Patients with lower tumor volume and with 1 metastatic organ site involved appeared to have a more robust benefit with cabozantinib.
When assessed by risk group, cabozantinib again proved superior on PFS in both intermediate-risk and poor-risk subsets. In the former, the median PFS was 11.4 months with cabozantinib and 6.1 months with sunitinib (HR, 0.52; 95% CI, 0.32-0.82). In the poor-risk subset, the median PFS was 6.8 months in the cabozantinib arm versus 2.7 months in the sunitinib arm (HR, 0.31; 95% CI, 0.11-0.92).
Patients with and without bone metastases also had better PFS with cabozantinib. In those with bone metastases, median PFS was 5.5 and 3.3 months (HR, 0.51; 95% CI, 0.26-0.99) in the cabozantinib and sunitinib arms, respectively. In those without bone metastases, median PFS was 11.4 and 5.7 months in favor of cabozantinib (HR, 0.50; 95% CI, 0.29-0.85).

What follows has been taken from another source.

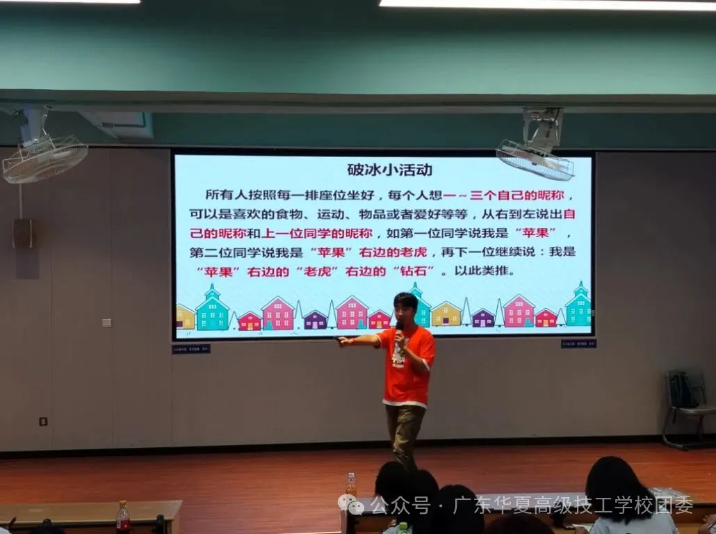 所有人按照每一排座位坐好,每个人想一~三个自己的昵称,可以是喜欢的食物、运动、物品或者爱好等等,从右到左说出自己的昵称和上一位同学的昵称,如第一位同学说我是“苹果”,第二位同学说我是“苹果”右边的老虎,再下一位继续说:我是“苹果”右边的“老虎”右边的“钻石”,以此类推。

When asked if cabozantinib should be first-line treatment in a MET-negative intermediate- or poor-risk patients, George replied that subgroup data should be used to generate hypotheses. “I think we have to recognize this as not necessarily a definitive analysis, either by threshold…or by positive or negative status,” he said. “The fact is that we still see a trend in favor of cabozantinib in the MET-negative patients, so I wouldn’t go so far as to say that’s a population that shouldn’t get cabozantinib.”